Friday, April 5, 2024, 9:15 am ET

The big losses on Thursday - the largest decline on the Dow in a year - were not the result of investor reaction to comments by various Fed speakers, as the mainstream media would like everybody to believe.

Every mainstream media outlet - from Morningstar to MarketWatch, to CNBC and Bloomberg, all the usual tools of state propaganda - cited the barrage of comments by Fed officials on interest rates as the primary cause for stock market losses on April 4, many of them referencing Minneapolis Fed President Neel Kashkari's question of whether the central bank should cut rates at all if inflation remained sticky.
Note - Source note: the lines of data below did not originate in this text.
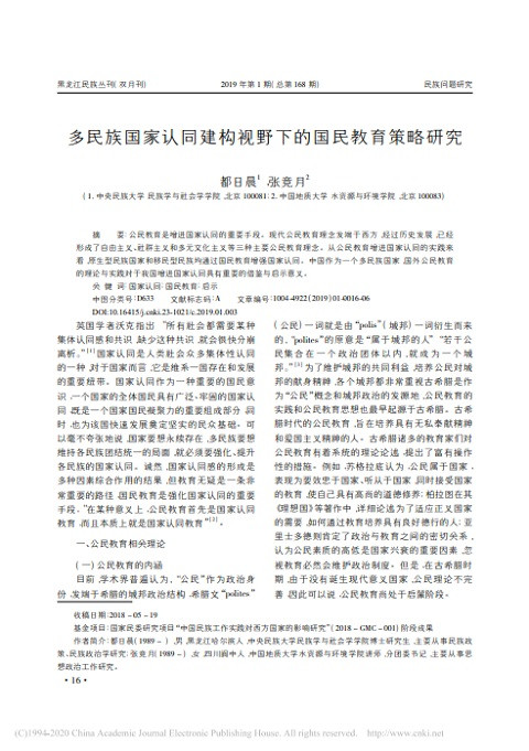 多民族国家认同建构视野下的国民教育策略研究 (黑龙江民族丛刊; No. 1) 出版年份: 2019 作者: Du Richen | Zhang Jingyue 机构作者: Heilongjiang National Research Institute 公民教育是增进国家认同的重要手段。现代公民教育理念发端于西方,经过历史发展,已经 形成了自由主义、社群主义和多元文化主义等三种主要公民教育理念。从公民教育增进国家认同的实践来 看,原生型民族国家和移民型民族均通过国民教育增强国家认同。中国作为一个多民族国家,国外公民教育 的理论与实践对于我国增进国家认同具有重要的借鉴与启示意义。
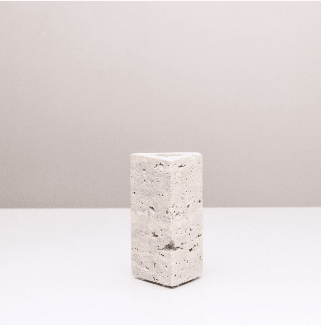 Crafted from solid travertine, our Deity Candlestand celebrates chic and minimal style. This beautiful, triangular candlestand exists like a sculpture and will add a touch of the artistic to your space. For a fresh and playful aesthetic, try pairing two or more Deity candlestands of different heights together and complete the look with contrasting coloured taper candles.
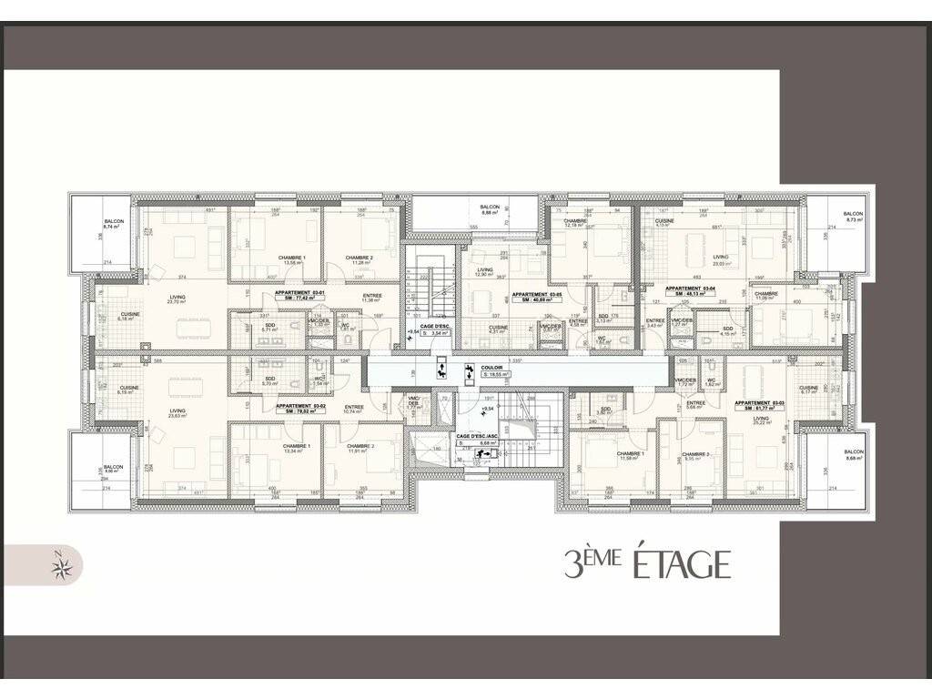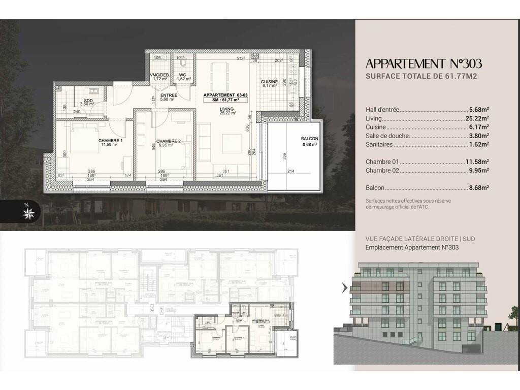 Die Wohnung mit zwei Schlafzimmern befindet sich im dritten Stock und verfügt über eine Wohnfläche von 61,77 m2 und einen Balkon von 8,68 m2 .
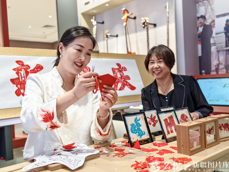 9月8日,剪紙藝人在巴州鑄牢中華民族共同體意識(shí)主題展館表演剪紙技藝。
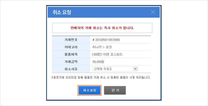 둘. 취소 요청 창에서 취소사유를 선택하신 후 [취소요청] 버튼을 클릭하면 거래는 즉시 취소됩니다.
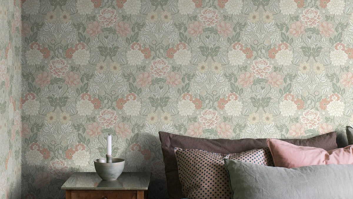 Children's wallpaper with a fairytale forest theme CHARLIE cream with green
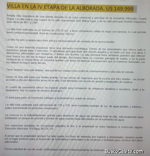 VILLA EN LA IV ETAPA DE LA ALBORADA. US 149.999
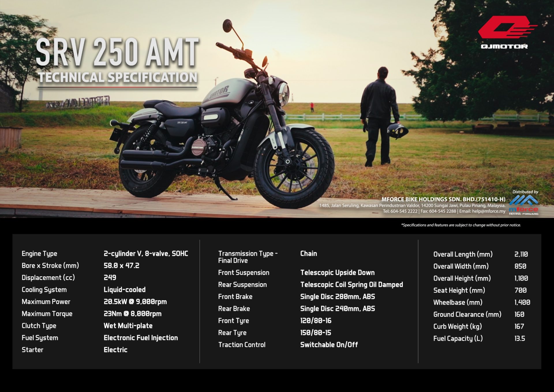 Dengan reka bentuk yang elegan, teknologi AMT yang memudahkan tunggangan, serta prestasi enjin yang mantap, QJMOTOR SRV 250 AMT 2025 bukan sekadar sebuah cruiser — ia adalah lambang revolusi baharu dalam dunia motosikal moden tempatan.
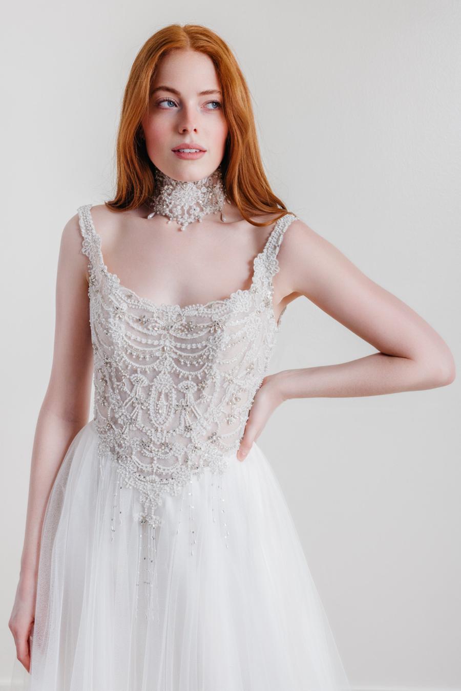 With a flowing A-line silhouette, Marlowe stands as a testament to ethereal design. Distinguished by its optional choker and corset bodice, adding unique appeal.
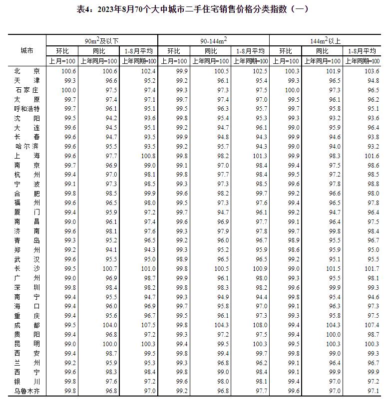 8月份,一线城市新建商品住宅销售价格同比上涨0.6%,涨幅比上月回落0.4个百分点;二线城市新建商品住宅销售价格同比上涨0.3%,涨幅比上月扩大0.1个百分点;三线城市新建商品住宅销售价格同比下降1.4%,降幅比上月收窄0.1个百分点。8月份,一、二线城市二手住宅销售价格同比分别下降1.6%和3.0%,降幅比上月分别扩大0.2和0.3个百分点;三线城市二手住宅销售价格同比下降3.5%,降幅与上月相同。
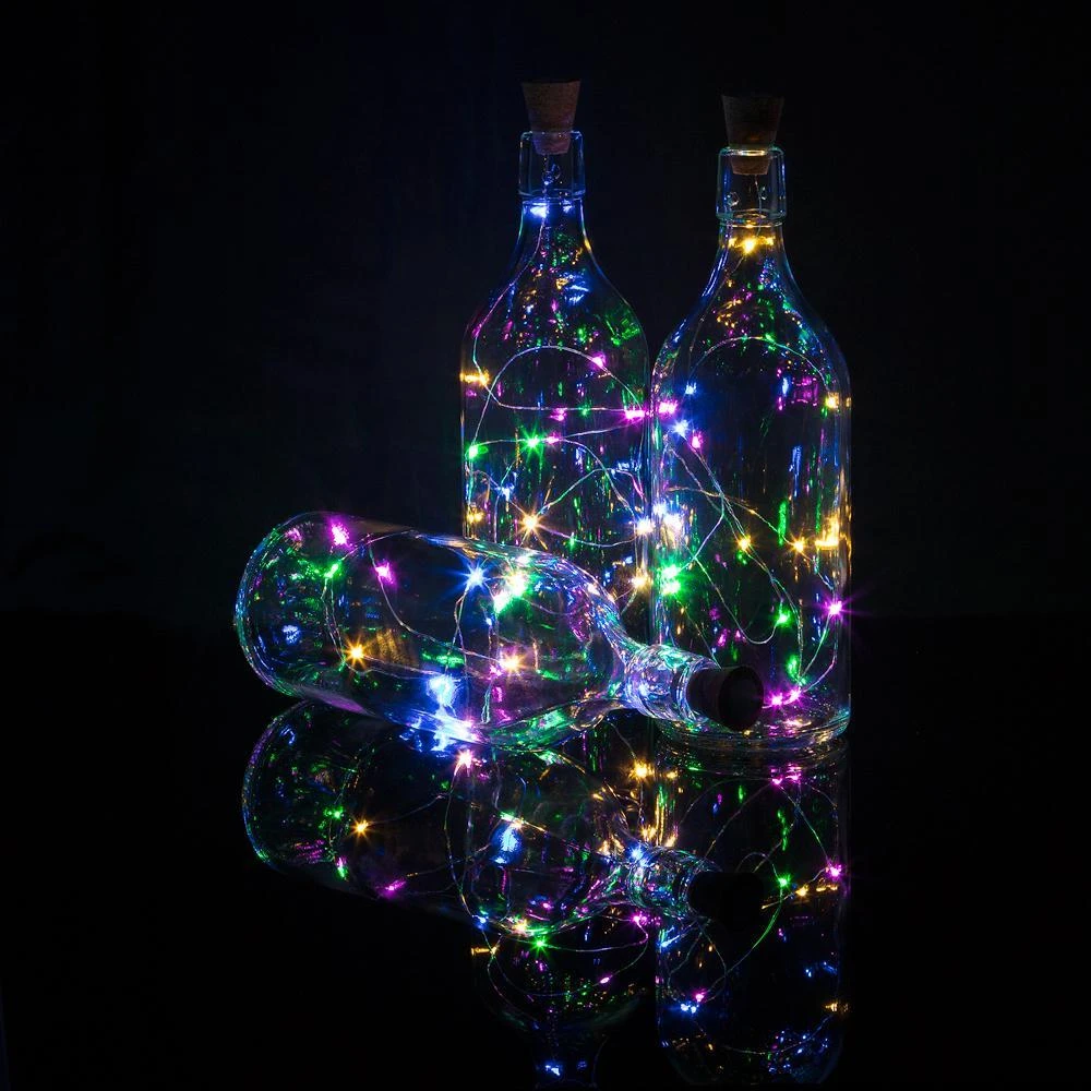 The led cork light is great to add a simple yet effective lighting style to your lounge party venue or restaurant and bar. These lights are ideal for a relaxing environment. Simply add the cork into the top of an empty glass bottle and the 15 Leds attached to the string wire will fill the bottle with pretty lights. Why not lay the string lights across tables window sills or insert into other glass ornaments and jars !
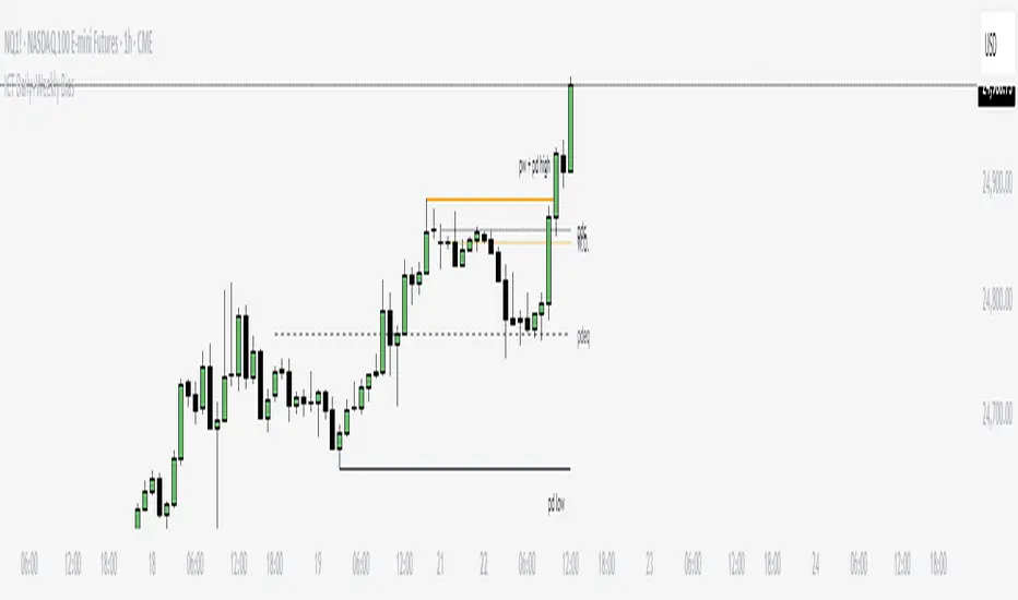 • PDH/PDL: Prior day high/low.

The response from the treasury market not as acute, though yields dropped, with the 10-year note falling from a yield of 4.35% to 4.31%, a relatively benign four basis points, a questionable directional move if the consensus interpretation was for higher or unchanged rates for longer, rather than imminent rate cuts.

No, the sharp drop on the stock market was directly tied to Israel and the Middle East. The timing of the decline occurred just as Israel was ordering the evacuation of its embassies worldwide as Iran issued bald threats of retaliation for Israel's recent strike on its embassy in Syria. The mainstream media wants to keep the general public as much in the dark as possible over Israel's militarism and genocidal tendencies in the region, like the targeted assassination of seven humanitarian aid workers in Gaza (that was no mistake) or the indiscriminate bombing of civilian areas in Gaza which has resulted in more than 30,000 deaths of Palestinian citizens, most of them women and children.

Stocks don't make a radical U-turn on passing commentary by Fed officials. However, when the issue is of the potential for rocket attacks from Iran raining down on Israel, raising the onus of World War III, stocks will fall. For those not convinced, witness the aftermath in Japan, with the NIKKEI falling nearly two percent overnight, or the widespread losses on European bourses. The Dax, CAC-40, FTSE, IBEX, and Stocks 50 indices are all down between one and 1.5 percent prior to the U.S. opening bell.

Those declines have nothing to do with interest rates in the United States and more to do with global warfare, with Israel as the catalyst, lighting the fuse on a regional conflict which would necessarily involve all world military powers and could easily spread well beyond the Gulf of Oman and the Mediterranean Sea.

The bottom line is that the United States cannot control the actions of Israel and its blood-thirsty leadership, instead, it issues apologies for Israel's mistakes and remains committed to protecting it "essential ally." Israel would like nothing more than to provoke an attack by Iran, drawing the U.S. into the conflict. As long as Israel is allowed to commit war crimes in open view of the rest of the world, the opportunity for a wider conflict remains elevated. War-mongers in Washington and Tel-Aviv will not relent until they have the entire Western world under martial law.

Militarism doesn't just affect stock prices. Advancing armies have wide-reaching consequences, far beyond portfolio allocations, risk assessments, or economics. Supply chains get snapped. Inflation spikes. Shortages of goods pale before the lives that will be lost.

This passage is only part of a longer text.